Improve this question
I need to parse xml data in android. I have seen this project: here from github which teaches how to parse xml data in listbox. However, I want to get xml data to different strings. Although, I have used pretty much the same code as in the github project but I only get error and the app stops responding.
Code:
public class Main extends Fragment {
android.view.View myview;
EditText number;
#Override
public View onCreateView(LayoutInflater inflater, ViewGroup container, Bundle savedInstanceState) {
myview = inflater.inflate(R.layout.fragment_screen, container, false);
number = (EditText) myview.findViewById(R.id.number);
XmlParser par = new XmlParser();
number.setText(par.getStackSitesFromFile(getActivity().getBaseContext())
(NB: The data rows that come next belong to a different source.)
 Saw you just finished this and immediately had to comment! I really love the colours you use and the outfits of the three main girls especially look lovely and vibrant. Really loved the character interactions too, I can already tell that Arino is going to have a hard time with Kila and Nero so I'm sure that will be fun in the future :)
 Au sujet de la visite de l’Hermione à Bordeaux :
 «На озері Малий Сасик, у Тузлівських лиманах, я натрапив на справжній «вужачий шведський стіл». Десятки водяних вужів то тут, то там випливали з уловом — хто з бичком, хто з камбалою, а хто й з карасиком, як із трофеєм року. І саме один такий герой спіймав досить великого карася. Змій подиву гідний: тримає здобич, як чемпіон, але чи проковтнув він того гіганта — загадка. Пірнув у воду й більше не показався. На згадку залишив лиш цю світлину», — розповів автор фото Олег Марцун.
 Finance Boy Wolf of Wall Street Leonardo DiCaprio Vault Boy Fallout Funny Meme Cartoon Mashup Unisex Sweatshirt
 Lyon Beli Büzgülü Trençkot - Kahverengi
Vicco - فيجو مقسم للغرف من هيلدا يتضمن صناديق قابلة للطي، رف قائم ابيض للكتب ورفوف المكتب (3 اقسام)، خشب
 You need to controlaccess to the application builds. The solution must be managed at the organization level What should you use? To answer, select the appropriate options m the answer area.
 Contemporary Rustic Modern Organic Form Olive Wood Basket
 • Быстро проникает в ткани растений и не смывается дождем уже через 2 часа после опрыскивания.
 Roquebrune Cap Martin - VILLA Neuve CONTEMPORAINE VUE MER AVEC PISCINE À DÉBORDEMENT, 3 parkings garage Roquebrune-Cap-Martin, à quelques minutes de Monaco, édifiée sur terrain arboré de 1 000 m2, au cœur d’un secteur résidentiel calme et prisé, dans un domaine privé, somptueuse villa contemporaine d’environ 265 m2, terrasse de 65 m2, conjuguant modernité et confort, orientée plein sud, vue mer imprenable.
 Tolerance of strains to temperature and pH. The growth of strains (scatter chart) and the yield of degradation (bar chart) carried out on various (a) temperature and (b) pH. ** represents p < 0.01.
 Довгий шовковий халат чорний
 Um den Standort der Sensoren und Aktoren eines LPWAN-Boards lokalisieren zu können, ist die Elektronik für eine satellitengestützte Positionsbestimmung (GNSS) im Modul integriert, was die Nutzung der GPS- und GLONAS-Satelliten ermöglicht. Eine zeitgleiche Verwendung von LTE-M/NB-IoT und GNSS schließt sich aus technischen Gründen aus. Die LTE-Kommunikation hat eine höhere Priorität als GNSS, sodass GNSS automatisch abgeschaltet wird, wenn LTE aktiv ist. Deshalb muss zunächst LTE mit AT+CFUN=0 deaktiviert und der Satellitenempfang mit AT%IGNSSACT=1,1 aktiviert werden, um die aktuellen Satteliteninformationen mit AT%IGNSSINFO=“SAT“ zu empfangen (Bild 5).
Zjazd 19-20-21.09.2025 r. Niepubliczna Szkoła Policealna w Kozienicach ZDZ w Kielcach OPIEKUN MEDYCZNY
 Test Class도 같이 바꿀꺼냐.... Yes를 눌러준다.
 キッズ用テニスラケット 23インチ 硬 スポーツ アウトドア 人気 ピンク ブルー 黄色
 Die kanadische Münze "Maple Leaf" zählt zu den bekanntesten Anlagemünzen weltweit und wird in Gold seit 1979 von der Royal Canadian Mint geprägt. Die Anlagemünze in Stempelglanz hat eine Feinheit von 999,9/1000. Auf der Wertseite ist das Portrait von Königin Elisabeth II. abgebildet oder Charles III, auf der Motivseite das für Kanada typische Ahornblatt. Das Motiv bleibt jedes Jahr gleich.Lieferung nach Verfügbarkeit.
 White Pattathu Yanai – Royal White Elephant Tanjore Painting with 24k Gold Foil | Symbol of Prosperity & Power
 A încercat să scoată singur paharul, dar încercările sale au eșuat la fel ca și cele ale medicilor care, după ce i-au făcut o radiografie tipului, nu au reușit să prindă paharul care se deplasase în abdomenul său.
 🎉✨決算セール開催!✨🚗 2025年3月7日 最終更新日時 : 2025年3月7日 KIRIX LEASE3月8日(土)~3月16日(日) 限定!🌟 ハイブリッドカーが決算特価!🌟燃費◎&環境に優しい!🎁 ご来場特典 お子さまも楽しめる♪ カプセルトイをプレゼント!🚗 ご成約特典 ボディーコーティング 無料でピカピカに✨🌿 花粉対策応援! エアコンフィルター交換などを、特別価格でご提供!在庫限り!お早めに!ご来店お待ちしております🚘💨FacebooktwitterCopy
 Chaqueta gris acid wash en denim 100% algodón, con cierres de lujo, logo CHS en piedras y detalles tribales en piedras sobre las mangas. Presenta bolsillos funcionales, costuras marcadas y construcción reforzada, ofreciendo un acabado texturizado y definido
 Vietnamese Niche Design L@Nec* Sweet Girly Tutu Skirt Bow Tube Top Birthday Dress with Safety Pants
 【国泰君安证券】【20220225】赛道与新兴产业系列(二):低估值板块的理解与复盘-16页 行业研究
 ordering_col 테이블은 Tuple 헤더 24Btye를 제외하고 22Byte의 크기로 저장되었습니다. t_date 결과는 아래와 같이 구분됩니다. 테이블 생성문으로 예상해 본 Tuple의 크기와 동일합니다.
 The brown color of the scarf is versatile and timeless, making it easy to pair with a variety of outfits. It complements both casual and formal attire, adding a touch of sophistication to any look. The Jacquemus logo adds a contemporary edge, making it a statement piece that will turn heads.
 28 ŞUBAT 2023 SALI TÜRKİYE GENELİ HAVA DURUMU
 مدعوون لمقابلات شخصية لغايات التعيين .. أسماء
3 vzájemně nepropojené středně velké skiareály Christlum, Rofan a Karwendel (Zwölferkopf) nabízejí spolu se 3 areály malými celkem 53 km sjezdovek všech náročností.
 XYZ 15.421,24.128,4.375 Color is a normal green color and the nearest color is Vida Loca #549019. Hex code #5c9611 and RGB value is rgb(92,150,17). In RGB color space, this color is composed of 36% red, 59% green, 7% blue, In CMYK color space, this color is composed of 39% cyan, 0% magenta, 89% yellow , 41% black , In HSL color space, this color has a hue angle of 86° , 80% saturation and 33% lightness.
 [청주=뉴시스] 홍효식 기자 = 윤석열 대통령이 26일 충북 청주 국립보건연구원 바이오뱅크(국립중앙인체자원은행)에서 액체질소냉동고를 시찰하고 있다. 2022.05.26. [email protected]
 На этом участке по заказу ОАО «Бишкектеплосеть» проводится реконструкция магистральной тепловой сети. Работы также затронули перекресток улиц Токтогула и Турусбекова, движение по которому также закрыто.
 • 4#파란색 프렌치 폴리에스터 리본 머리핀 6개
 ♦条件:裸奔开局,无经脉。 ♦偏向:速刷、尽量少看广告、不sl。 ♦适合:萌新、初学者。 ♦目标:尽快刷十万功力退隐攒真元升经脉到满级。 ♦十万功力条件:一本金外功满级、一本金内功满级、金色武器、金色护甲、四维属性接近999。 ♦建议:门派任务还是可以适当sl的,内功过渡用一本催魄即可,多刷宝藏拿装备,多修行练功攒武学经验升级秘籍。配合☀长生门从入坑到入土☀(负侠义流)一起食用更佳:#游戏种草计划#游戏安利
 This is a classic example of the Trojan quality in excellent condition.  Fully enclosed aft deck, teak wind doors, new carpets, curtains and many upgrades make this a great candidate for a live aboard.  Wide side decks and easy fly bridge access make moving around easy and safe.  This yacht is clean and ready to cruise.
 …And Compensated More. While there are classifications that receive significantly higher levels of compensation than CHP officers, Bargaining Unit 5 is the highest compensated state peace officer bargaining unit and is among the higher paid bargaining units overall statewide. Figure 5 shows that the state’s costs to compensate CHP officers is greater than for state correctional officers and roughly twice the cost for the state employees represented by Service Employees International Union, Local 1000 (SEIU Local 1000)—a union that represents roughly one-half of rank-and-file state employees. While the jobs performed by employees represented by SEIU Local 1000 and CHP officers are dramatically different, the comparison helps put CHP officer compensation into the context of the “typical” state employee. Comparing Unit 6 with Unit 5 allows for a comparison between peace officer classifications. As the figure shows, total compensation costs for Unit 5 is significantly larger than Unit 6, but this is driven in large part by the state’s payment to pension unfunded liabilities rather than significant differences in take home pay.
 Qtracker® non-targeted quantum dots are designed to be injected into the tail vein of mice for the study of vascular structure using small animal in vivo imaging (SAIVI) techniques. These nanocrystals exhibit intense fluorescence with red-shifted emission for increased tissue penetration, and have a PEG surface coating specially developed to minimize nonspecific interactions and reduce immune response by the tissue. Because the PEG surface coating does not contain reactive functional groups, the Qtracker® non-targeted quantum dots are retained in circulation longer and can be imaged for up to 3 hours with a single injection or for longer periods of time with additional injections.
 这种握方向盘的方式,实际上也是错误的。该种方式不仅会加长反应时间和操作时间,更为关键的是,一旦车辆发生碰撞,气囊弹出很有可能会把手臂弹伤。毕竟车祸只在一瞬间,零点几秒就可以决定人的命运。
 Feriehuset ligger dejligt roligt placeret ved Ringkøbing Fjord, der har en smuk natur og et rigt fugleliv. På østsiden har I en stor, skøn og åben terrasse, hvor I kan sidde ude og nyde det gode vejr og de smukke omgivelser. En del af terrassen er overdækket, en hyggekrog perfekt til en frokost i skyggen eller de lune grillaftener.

.get(0).getLink()); **Error here**
return myview;
}
}
XmlParser.java
public class XmlParser {
static final String KEY_SITE = "rate";
static final String KEY_NAME = "Name";
static final String KEY_LINK = "Rate";
static final String KEY_ABOUT = "Date";
static final String KEY_IMAGE_URL = "Time";
public static List<HandleXML> getStackSitesFromFile(Context ctx) {
// List of StackSites that we will return
List<HandleXML> stackSites;
stackSites = new ArrayList<HandleXML>();
// temp holder for current StackSite while parsing
HandleXML curStackSite = null;
// temp holder for current text value while parsing
String curText = "";
try {
// Get our factory and PullParser
XmlPullParserFactory factory = XmlPullParserFactory.newInstance();
XmlPullParser xpp = factory.newPullParser();
// Open up InputStream and Reader of our file.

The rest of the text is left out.